Response to threatening gestures: Taiwan wants to defy China with record rearmament

In response to China's recent large-scale military maneuvers, Taiwan has announced an increase in its military budget.

Response to threatening gestures: Taiwan wants to defy China with record rearmament

In response to China's recent large-scale military maneuvers, Taiwan has announced an increase in its military budget. A record amount of several billion euros is planned for the coming year.

Under growing military pressure from China, Taiwan plans a sharp 13.9 percent increase in its defense spending next year. According to the draft budget presented by the government in Taipei, the military budget is to rise to 586 billion Taiwan dollars, the equivalent of 19 billion euros. This corresponds to 2.4 percent of the economic output of the democratic island republic. The Taiwanese Ministry of Defense justified the increase with the significant expansion of the Chinese People's Liberation Army's military activities with aircraft and ships near Taiwan.

Tensions between China and Taiwan reached a fever pitch this month when US House Speaker Nancy Pelosi visited Taiwan. The visit of America's No. 3 was the highest from Washington to Taipei in a quarter century. In response, China launched large-scale maneuvers around Taiwan, firing ballistic missiles, one of which flew directly over the island not far from the capital. It was Beijing's largest show of military power since the "missile crisis" over Taiwan in the mid-1990s.

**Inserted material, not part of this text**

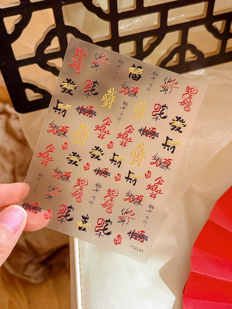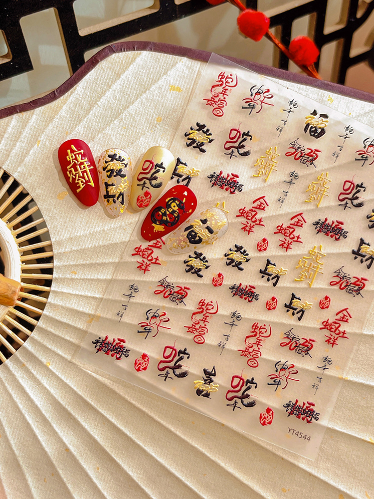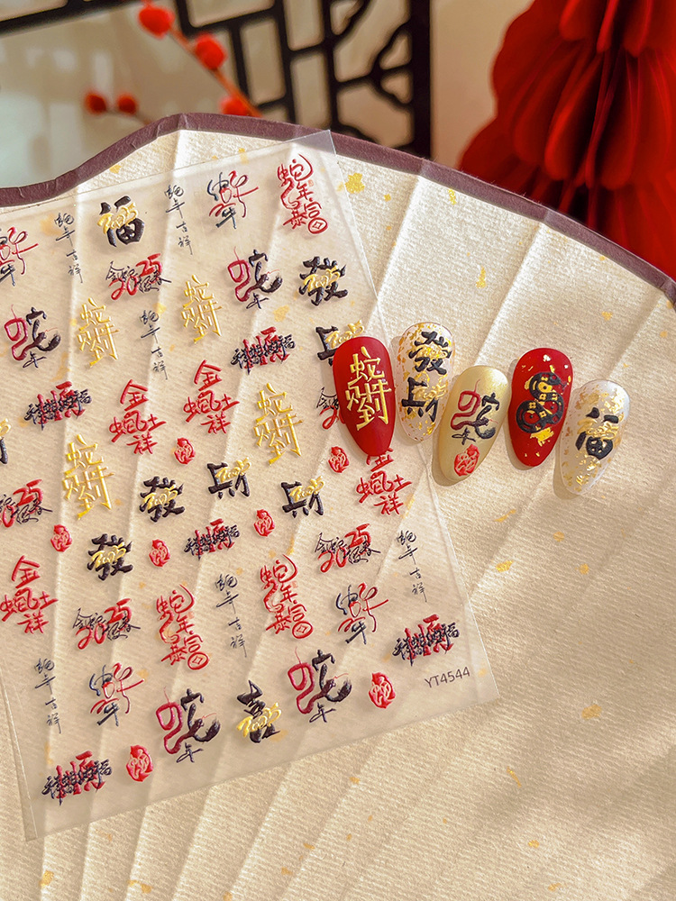 YITU 개미 그림 새해 구호 뱀 풍부한 네일 아트 스티커 접착제 네일 장식 스티커 YT4544

The communist leadership rejects official contacts from other countries to Taipei because it regards the island as part of the People's Republic. On the other hand, Taiwan, which has a population of 23 million, sees itself as independent and has been governed independently since before the founding of the People's Republic in 1949. Since the major maneuvers, Chinese planes and ships have continued to operate more intensively in the 130-kilometer-wide straits of the Taiwan Strait and repeatedly cross the center line, which had previously been the most respected. Since last year, Chinese military machines have been penetrating Taiwan's air surveillance zone to test air defenses and increase pressure.